Created by President George W. Bush in 2001, this espionage program came to the media spotlight in 2013, when former CIA employee Edward J. Snowden let the public know that the NSA had access to telephone and Internet records from millions of Verizon telephone operator users.

At that time, Snowden leaked about 1.7 million top secret documents, the copies of which he got while working for Booz Allen Hamilton, one of the U.S. government's largest military and intelligence contractors. These documents showed secret treaties that existed among governments to transfer metadata and records to the NSA.

According to Rebelion.org, this collection of personal data for surveillance occurred through the introduction of spyware in popular applications such as Angry Birds or Google Maps, the hacking iOS operating systems, the infection of computer networks with malware and the interception of emails from Hotmail, Outlook or Gmail.

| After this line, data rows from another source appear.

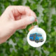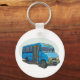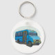 This design is of a blue bus done in a fun style. The bus is mostly blue with a yellow trim in places. This blue bus design looks great on this Keychain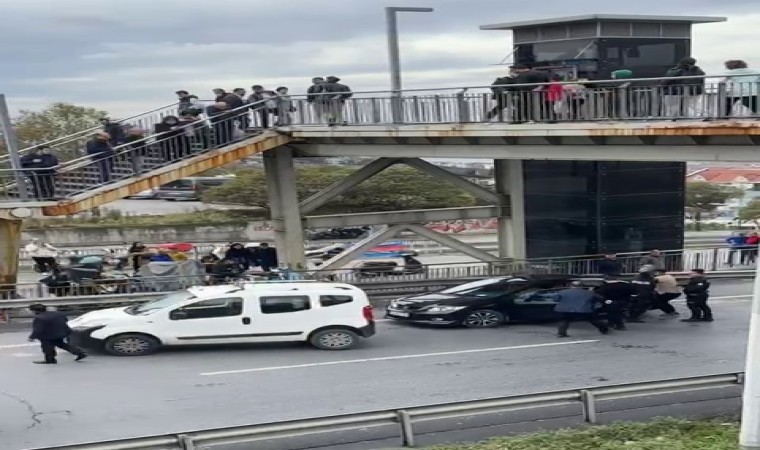 Olay, Büyükçekmece Tüyap metrobüs durağının altındaki köprüde yaşandı. Boşanma aşamasında olan bir kadın, mahkeme sonrası kendi ailesiyle birlikte aracıyla seyir halindeyken, kocası aracının önünü kesti. Aracından inen öfkeli koca, boşanma aşamasında olduğu eşinin ailesiyle tartışmaya başladı. Bir süre sonra tartışma kavgaya dönüştü. Çevredeki vatandaşlar durumu polis ekiplerine bildirdi. Kavga anı vatandaş cep telefonu kamerasına yansıdı.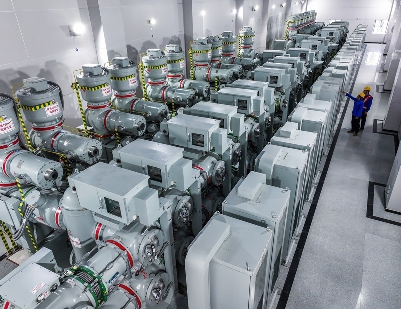 6月24日,在舟山望海(金塘)220千伏輸變電工程的變電站GIS室內(nèi),工作人員進行投運前的巡檢(無人機照片)。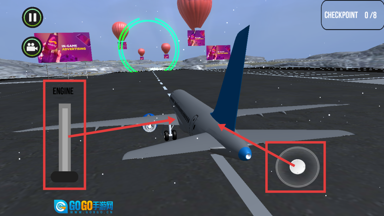 驾驶飞机时需留意【ENGINE】状态,借助操控按钮来操控飞机的移动,从而开启关卡推进流程。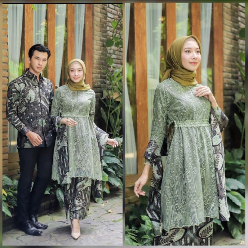 Terbaru || Batik Couple Widya Sage | Kebaya Couple Modern | Kebaya Lamaran Tunangan Wisuda | Couple Tunik Brokat Couple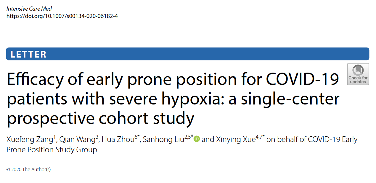 随着COVID-19的全球流行,截至2020年8月6日,共有19,093,957人感染,死亡713,408人,死亡率为3.7%。许多COVID-19患者因严重缺氧而死亡,找到一种简单有效的COVID-19患者治疗方法显得尤为重要。从2020年2月1日至2020年4月30日,共有60名COVID-19严重缺氧患者入组。23例患者采取早期俯卧位,37例患者未采取。在俯卧位组,30分钟后脉搏血氧饱和度(SpO2)从91.09±1.54%增加到95.48±1.73%(P <0.01)。呼吸频率(RR)从28.22±3.06次/分钟降至24.87±1.84次/分钟(P <0.01)。ROX指数从3.35±0.46增加到3.96±0.45(P <0.01)。然而,非俯卧位组的SpO2、RR和ROX指数没有显著差异。此外,早期俯卧位也可明显改善一些患者的CT成像表现。随访90天后,俯卧位组有10例(43.5%)COVID-19患者死亡,而非俯卧位组有28例(75.7%)COVID-19患者死亡。对于早期俯卧位改善缺氧的潜在机制,推测可能是由于血流重新分布引起的,水肿液在重力作用下重新分布到腹侧,萎缩性肺泡在俯卧位时重新开放,导致V/Q改进。总之,这项工作将有助于临床医生利用俯卧位治疗严重缺氧的COVID-19患者,降低严重缺氧的COVID-19患者的死亡率,对于COVID-19患者的治疗有一定的指导意义。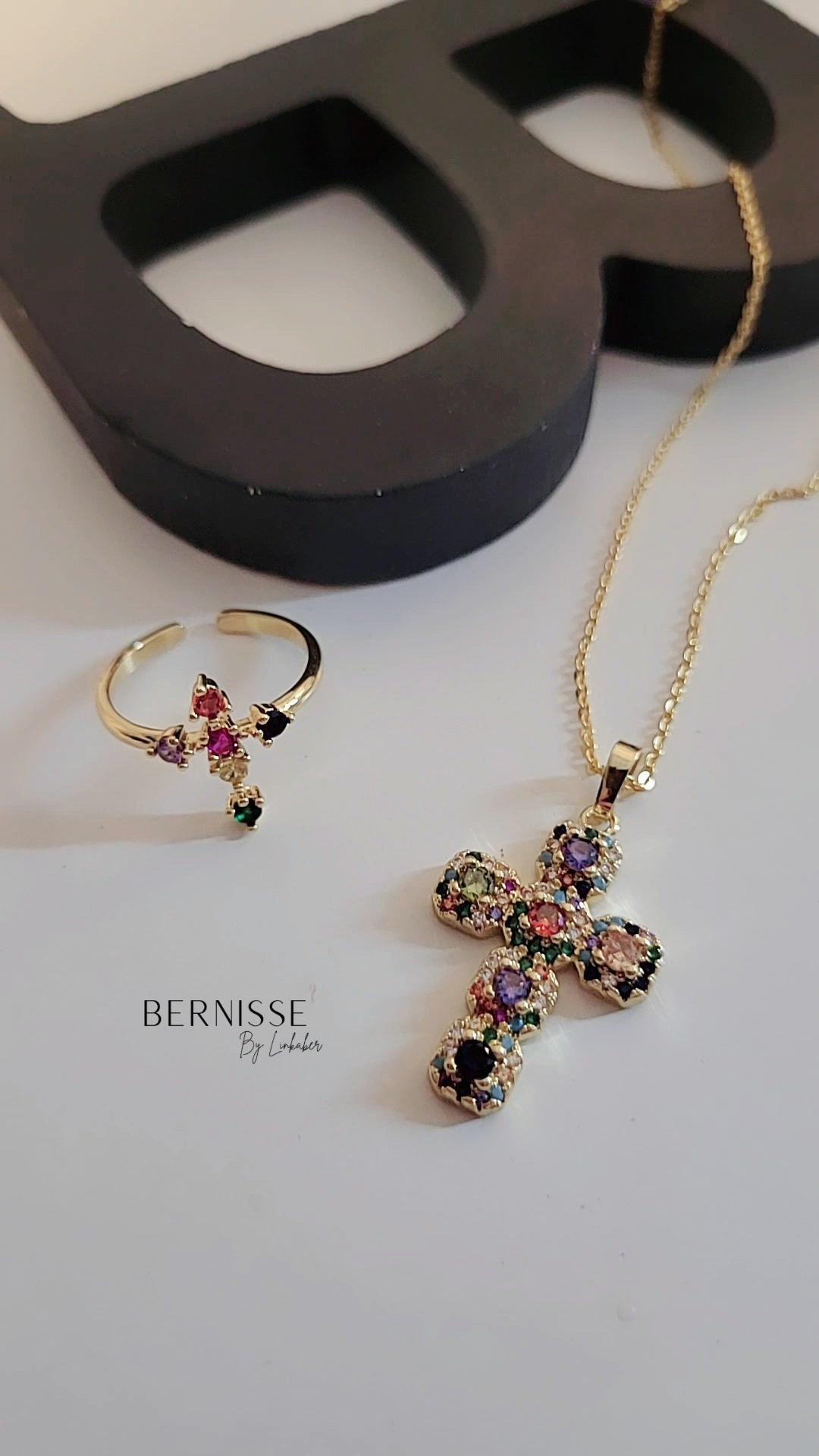 Sortija en gold plated 18k y zirconia de colores

Initially, the White House defended the existence of this surveillance program as "a critical tool" to combat terrorism; however, due to wide-spread public criticism, the U.S. Congress replaced the NSA program with the 2015 Freedom Act.

As result of this new legal framework, since 2017, the NSA no longer had the authority to collect U.S. citizens bulk information, and it was required to obtain a court order on specific targets.

Since the Snowden affair, the control of the big data related to calls and text messages has evolved, however, according to the NYT, the purpose of the monitoring agencies is still to analyze the links that people establish through networks with the aim of finding terrorism suspects.